WHAT IS EXPECTED ▸
Without including any pictures, write out the listing below exactly.

DATA FOR PROCESSING ▸
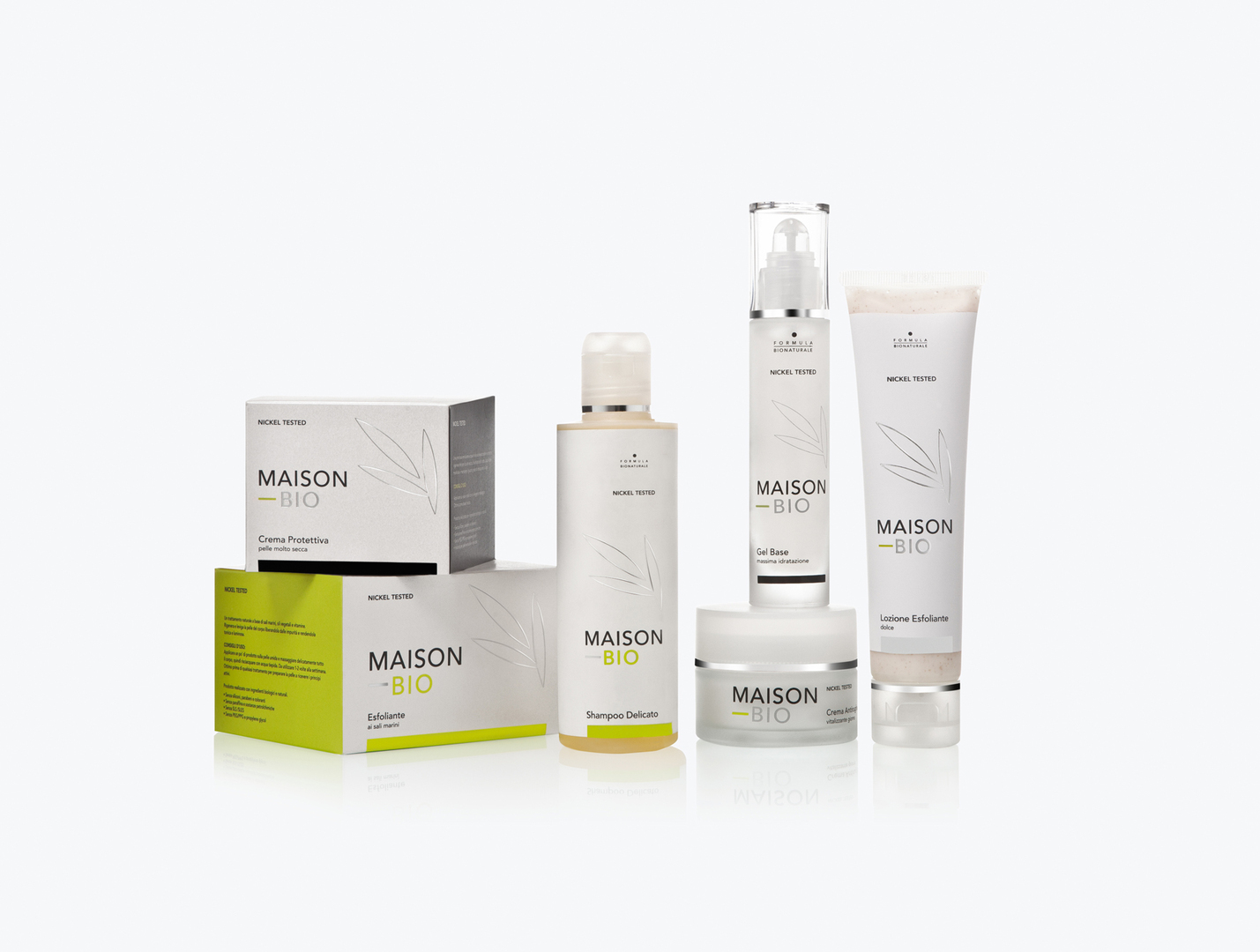 The brand identity for Maison-Bio supports the objective to establish the organic cosmetics brand as market leader in Italy. The company’s communication combines the biological quality of the products with the glamorous character of the brand. The task included the creation of the name, the design of the logo, packaging solutions as well as integrated online and offline communication tools. The identity is characterised by an iconic style together with an essential packaging that plays with the colours black, green, white and gold.
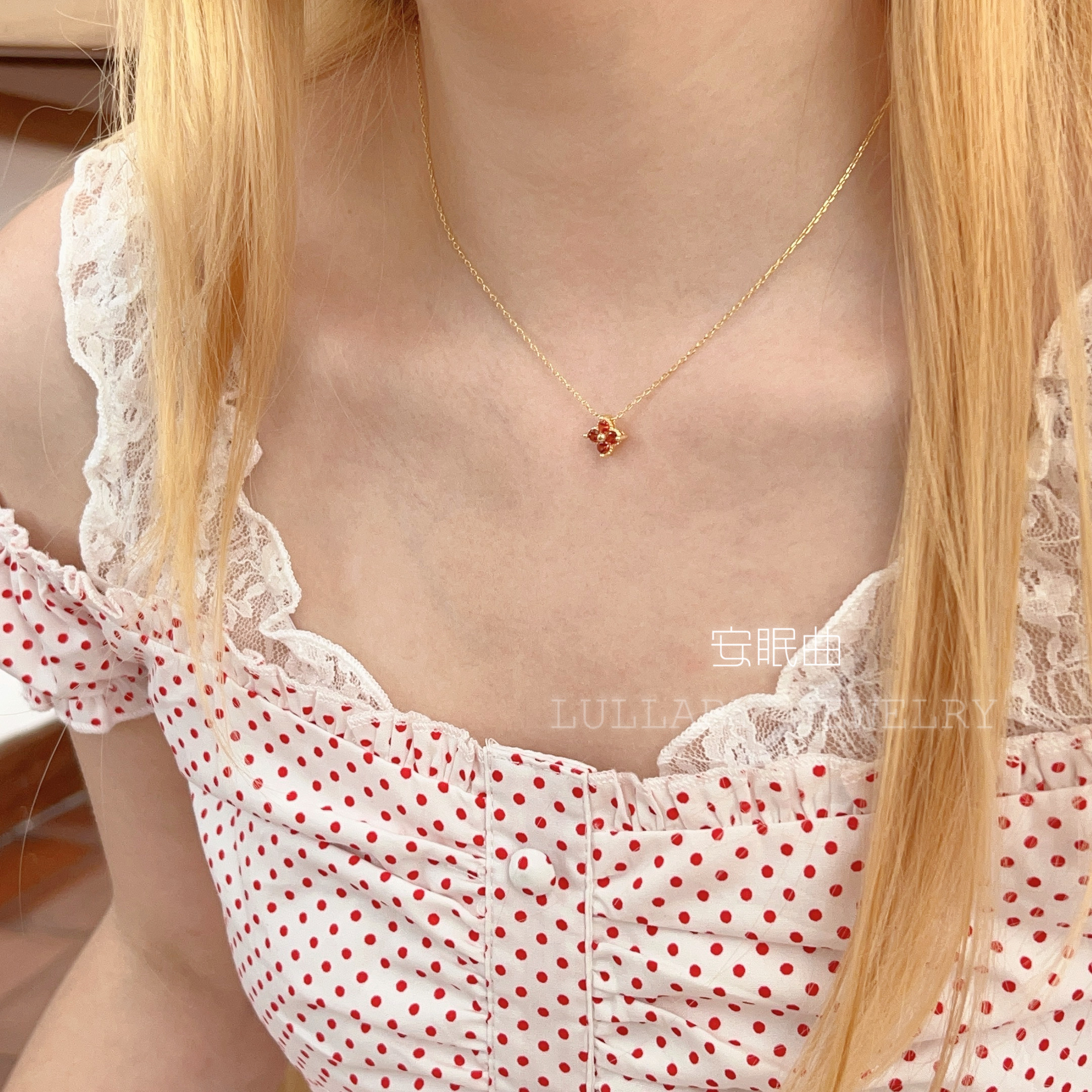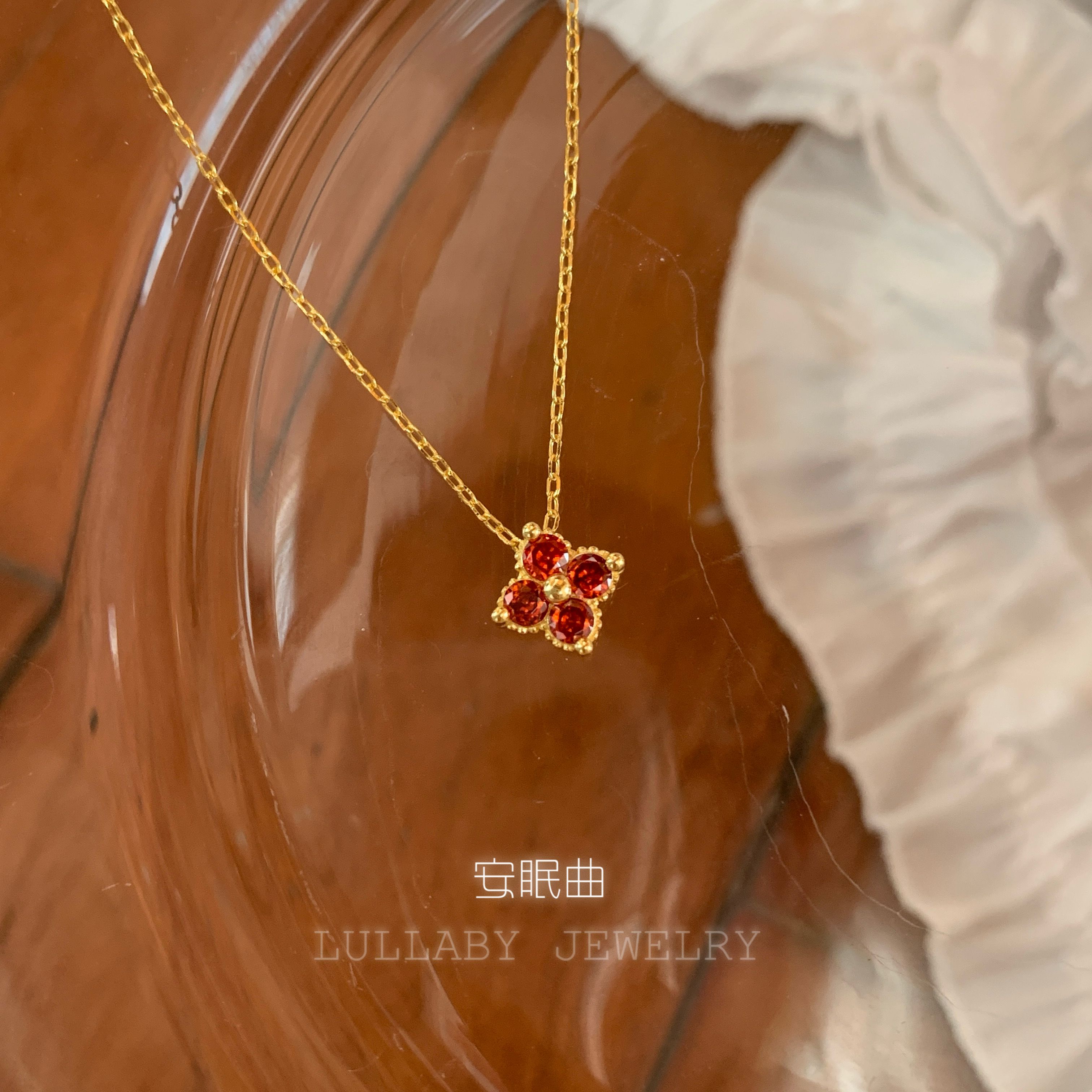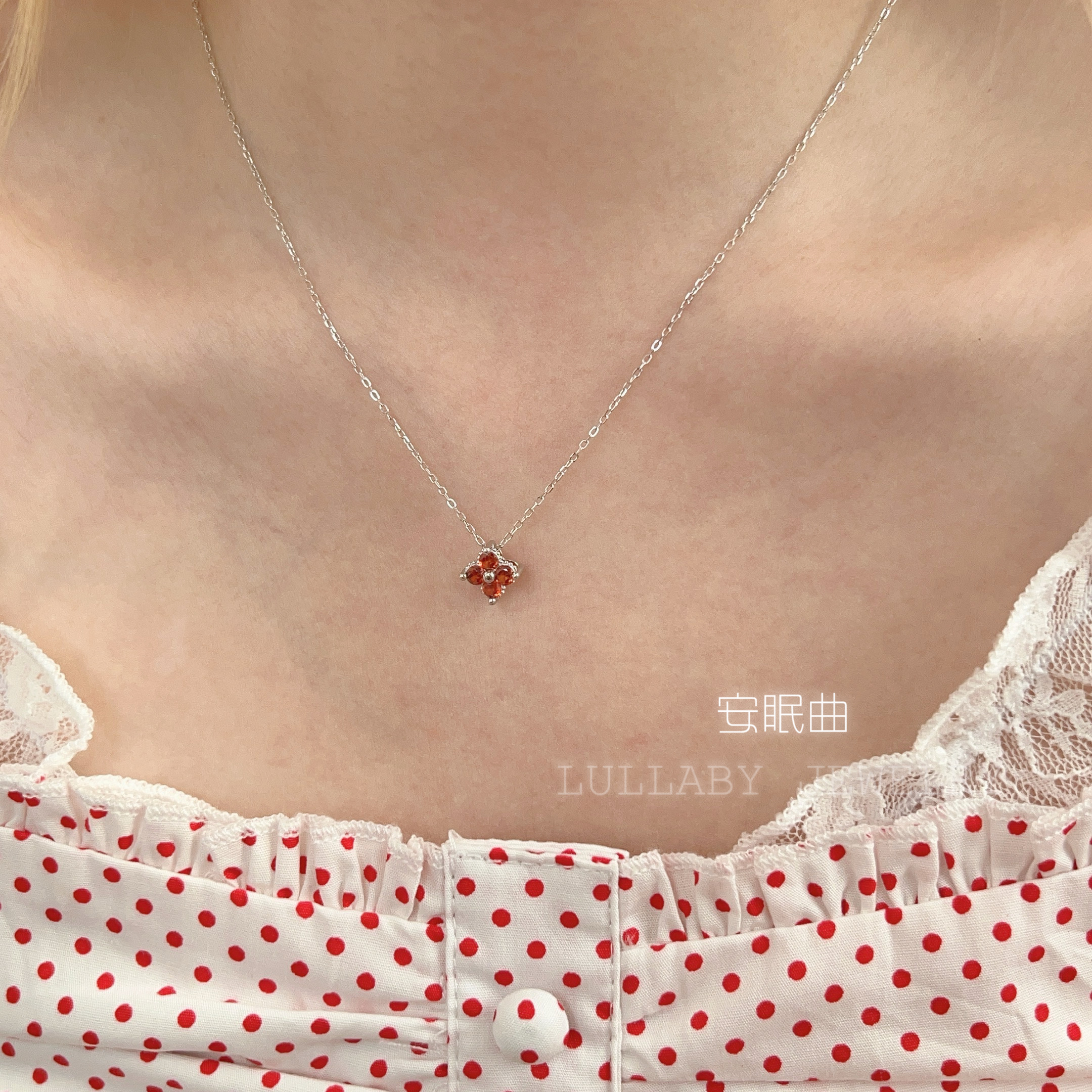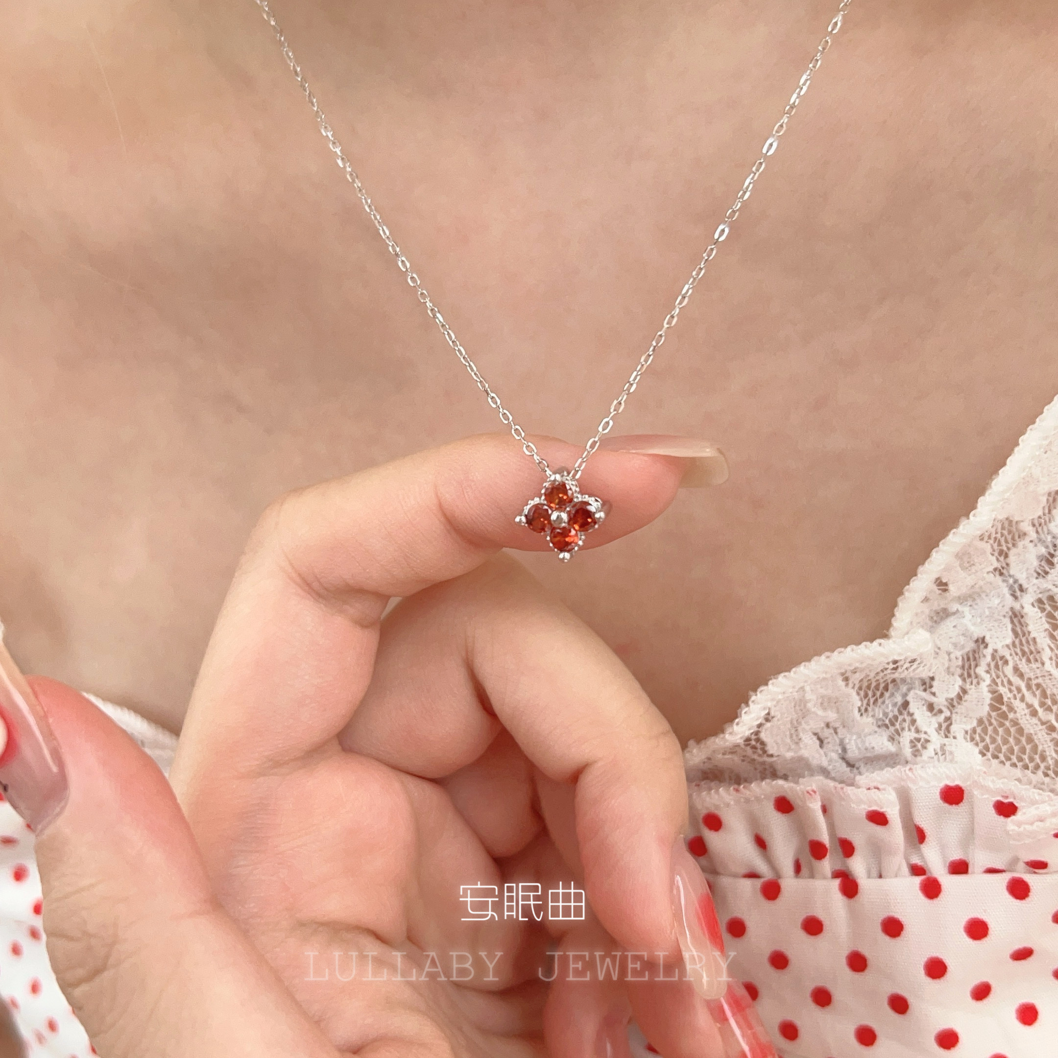 七月生辰石!幸运加成!s925纯银四叶草项链女红色锆石小众锁骨链
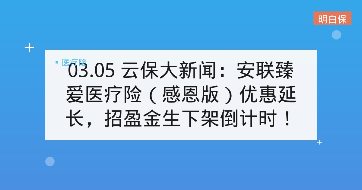 03.05 云保大新闻:安联臻爱医疗险(感恩版)优惠延长,招盈金生下架倒计时! ▲ 点击图片,播放视频 本期主要内容有: 01 安联臻爱医疗险(感恩版)优惠再延长 即日起至 3 月 31 日,投保或续... 📅 2025-12-05 👁 24
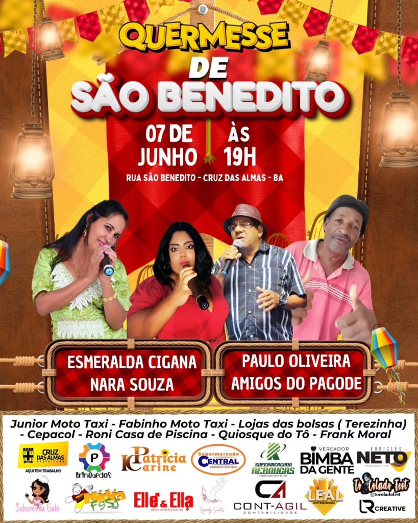 E aí galera, vocês pediram festa? Então segura essa! No dia 07 de junho, o nosso encontro já tem hora e lugar marcado: é na Quermesse de São Benedito, em Cruz das Almas! Prepare-se pra uma noite inesquecível com os shows incríveis de Esmeralda Cigana, Nara Souza, Paulo Oliveira e Amigos do Pagode! 🗓️ Data: […]
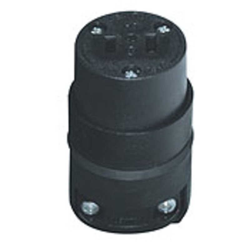 15 Amp-125 Volt; NEMA 1-15R. 2 Pole-2 Wire Connector,round Dead Front, Polarized, Black Rubber W/ Vinyl Insert, Face And ClampsType: Heavy DutyVolts AC: 120Type: ConnectorColor: BlackAmps: 15Material: RubberType: ConnectorNEMA Configuration: 1-15P
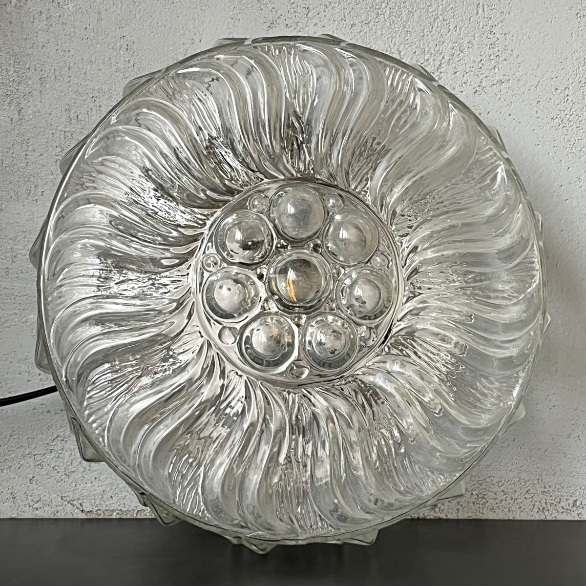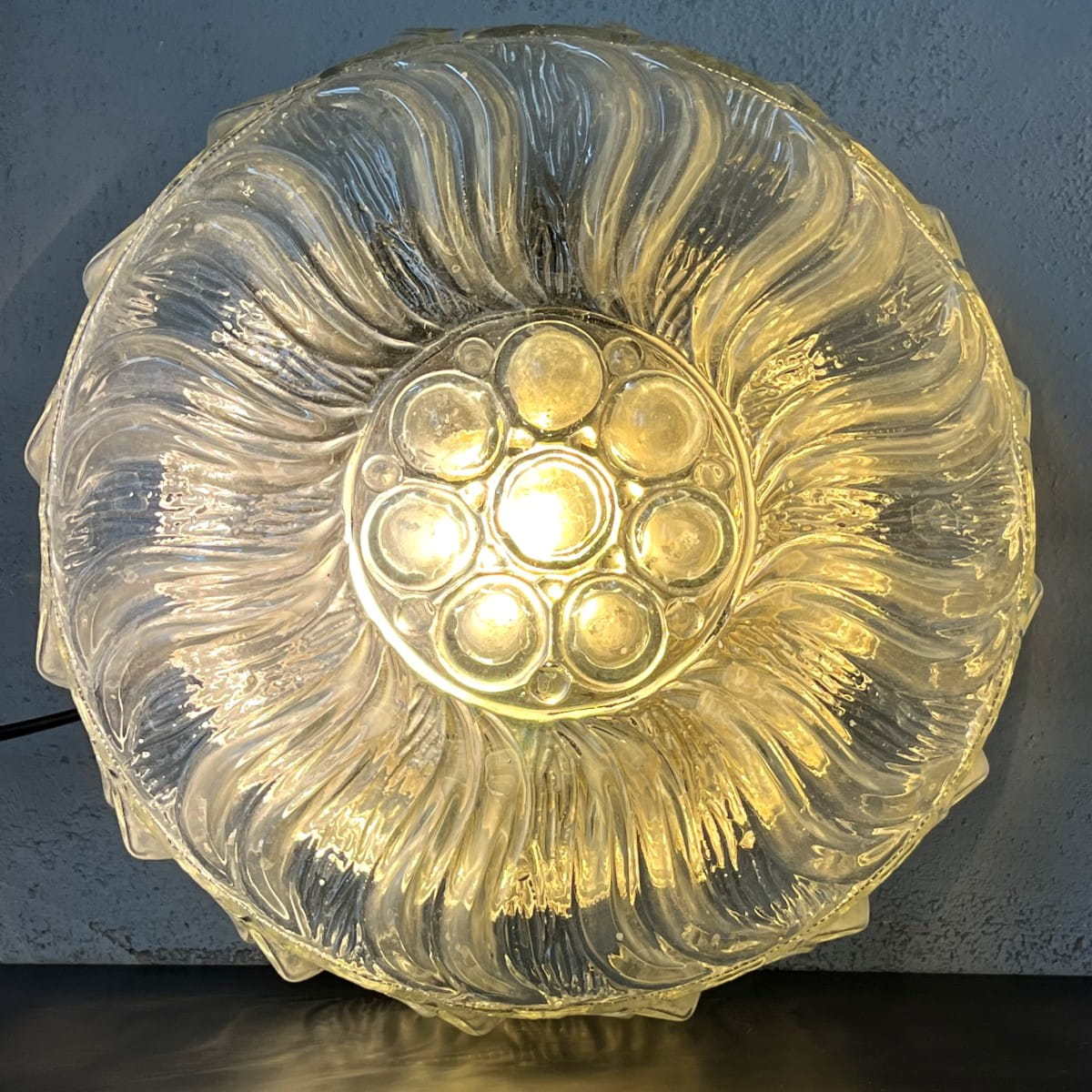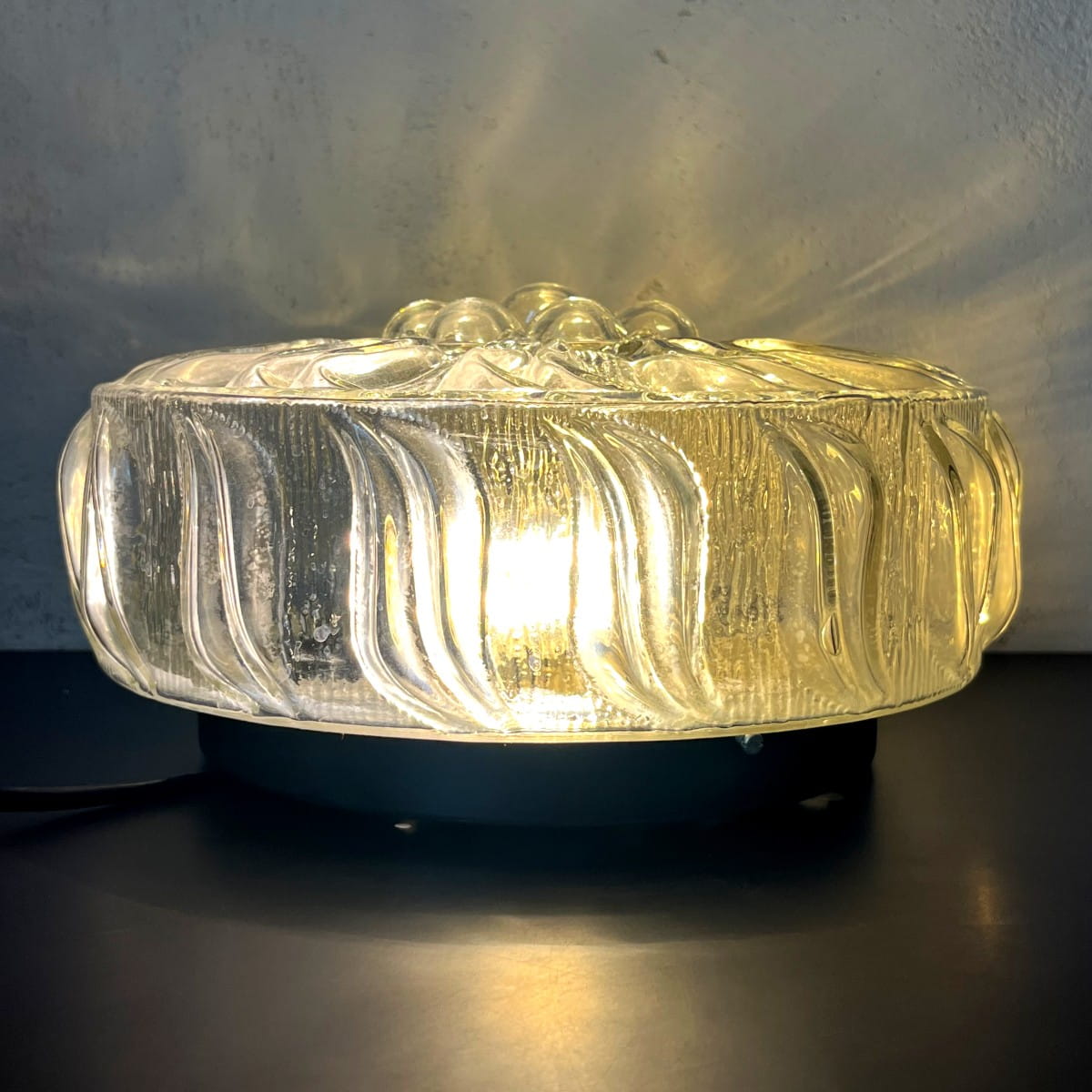 Wyjątkowa lampa sufitowa, wykonana z grubego ciężkiego szkła, połączenie minimalistycznego designu i funkcjonalności. Okrągły plafon pochodzi prawdopodobnie z lat 70. Prosta, geometryczna forma lampy w kształcie walca skupia uwagę, a powierzchnia ozdobiona trójwymiarowym organicznym wzorem dodaje elegancji.

OUTPUT OF THE EXERCISE ▸
 The brand identity for Maison-Bio supports the objective to establish the organic cosmetics brand as market leader in Italy. The company’s communication combines the biological quality of the products with the glamorous character of the brand. The task included the creation of the name, the design of the logo, packaging solutions as well as integrated online and offline communication tools. The identity is characterised by an iconic style together with an essential packaging that plays with the colours black, green, white and gold.
 七月生辰石!幸运加成!s925纯银四叶草项链女红色锆石小众锁骨链
 03.05 云保大新闻:安联臻爱医疗险(感恩版)优惠延长,招盈金生下架倒计时! ▲ 点击图片,播放视频 本期主要内容有: 01 安联臻爱医疗险(感恩版)优惠再延长 即日起至 3 月 31 日,投保或续... 📅 2025-12-05 👁 24
 E aí galera, vocês pediram festa? Então segura essa! No dia 07 de junho, o nosso encontro já tem hora e lugar marcado: é na Quermesse de São Benedito, em Cruz das Almas! Prepare-se pra uma noite inesquecível com os shows incríveis de Esmeralda Cigana, Nara Souza, Paulo Oliveira e Amigos do Pagode! 🗓️ Data: […]
 15 Amp-125 Volt; NEMA 1-15R. 2 Pole-2 Wire Connector,round Dead Front, Polarized, Black Rubber W/ Vinyl Insert, Face And ClampsType: Heavy DutyVolts AC: 120Type: ConnectorColor: BlackAmps: 15Material: RubberType: ConnectorNEMA Configuration: 1-15P
 Wyjątkowa lampa sufitowa, wykonana z grubego ciężkiego szkła, połączenie minimalistycznego designu i funkcjonalności. Okrągły plafon pochodzi prawdopodobnie z lat 70. Prosta, geometryczna forma lampy w kształcie walca skupia uwagę, a powierzchnia ozdobiona trójwymiarowym organicznym wzorem dodaje elegancji.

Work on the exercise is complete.